Чтобы не привлекать внимание тех нескольких людей, которые выбежали на звуки выстрелов, все трое вернулись к своей машине и уселись в салоне. При этом оружие все трое продолжали держать в руках.
– В том-то и дело, что пули не оставили ни одной раны, ни одной царапины, – вновь предался обсуждению ситуации Шторренн, усевшись за руль, в то время как Фройнштаг предпочла заднее сиденье, рядом с Гольвегом. – Конечно, можно говорить об удивительном везении. Но, вы уж простите меня, Фройнштаг, лично я верить в подобное везение отказываюсь.
– Согласен, расстояние минимальное, – поддержал его Гольвег.
– Такого везения не бывает! Я не могу представить себе стрелка, который бы с этого расстояния, с каких-нибудь пяти шагов, все три пули пустил мимо! Стреляя в спину, – все три мимо!
– Вам бы, конечно, хотелось, чтобы он изрешетил меня, как в стрелецком тире.
– Наоборот, счастлив, что вы уцелели.
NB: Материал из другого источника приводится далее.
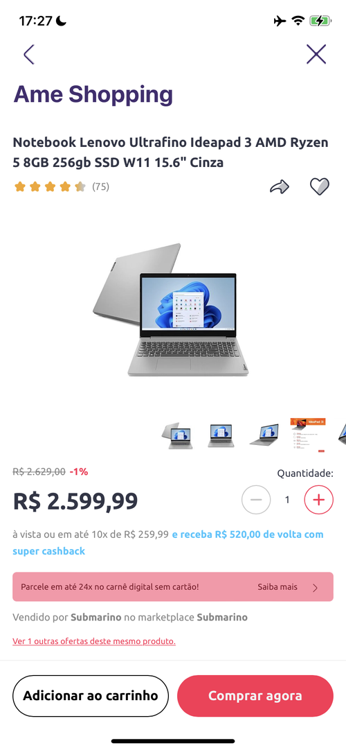 Comprei 1 no app ame e 2 no PC. Mas só depois de comprar vi que não apareceu o cashback. Vou entrar em contato com a AME e/ou submarino...

Но, согласитесь, бездарность стрелка наталкивает на определенные размышления.
– Кстати, оба вы находились от этого террориста почти на таком же расстоянии, однако тоже не попали, – язвительно заметила Фройнштаг. – Разве это не наталкивает на самые грустные размышления?
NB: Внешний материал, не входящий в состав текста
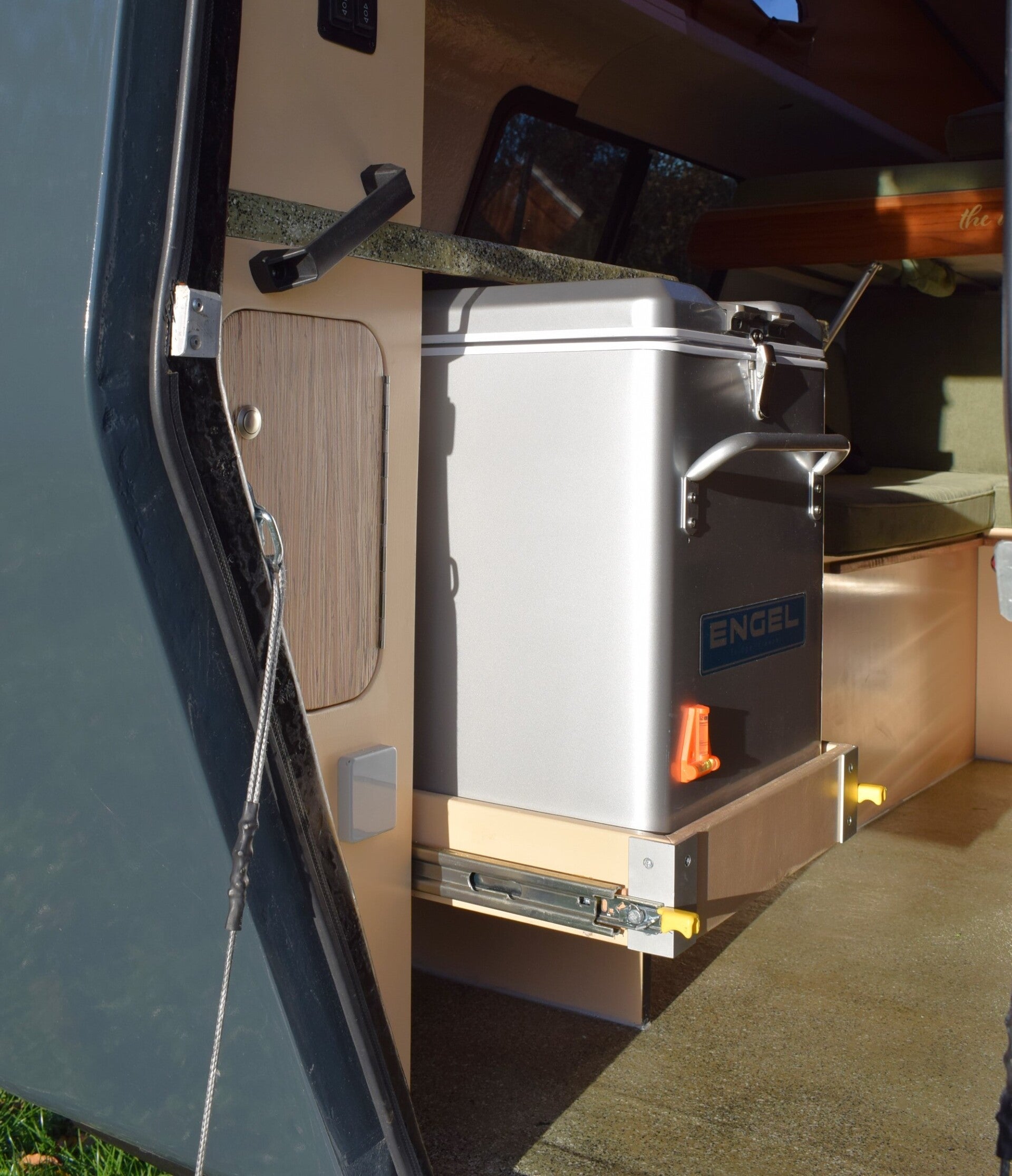 - De Engel bovenlader koelkast zit in een lade systeem. Daaronder nog een open ruimte (ruim 70 cm diep). Mooi plekje voor onze Weber BBQ.
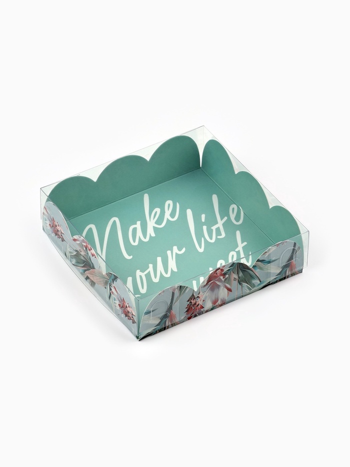 Коробка для печенья, кондитерская упаковка с пластиковой крышкой, Make your life sweet, 10.5 х 10.5 х 3 см

– Просто мы поздно схватились за оружие, – попытался оправдаться Гольвег. – К тому же он прятался за машиной, в которую нам очень не хотелось попасть.
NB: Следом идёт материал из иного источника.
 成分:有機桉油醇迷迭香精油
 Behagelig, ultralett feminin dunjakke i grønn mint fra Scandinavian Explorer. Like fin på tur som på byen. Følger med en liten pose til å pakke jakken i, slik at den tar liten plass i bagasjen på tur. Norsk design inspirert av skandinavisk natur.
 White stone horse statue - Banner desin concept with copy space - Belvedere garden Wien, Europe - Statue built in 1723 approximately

– Не время сейчас, господа, – вмешался унтерштурмфюрер Шторренн. – Как стрелки, мы с Гольвегом действительно оказались не на высоте. Однако думаю сейчас о другом: не кажется ли вам, что с такого расстояния даже умышленно промахнуться было бы трудновато?
– Я начал рассуждать в том же ключе, – сказал Гольвег.
– Можно ведь по ошибке попасть.
– То есть мы должны пересмотреть свое отношение к мастерству стрелявшего в меня? – произнесла Фройнштаг, давая понять, что вызванный нападением стресс прошел и к ней возвращается способность мыслить спокойно и аналитически.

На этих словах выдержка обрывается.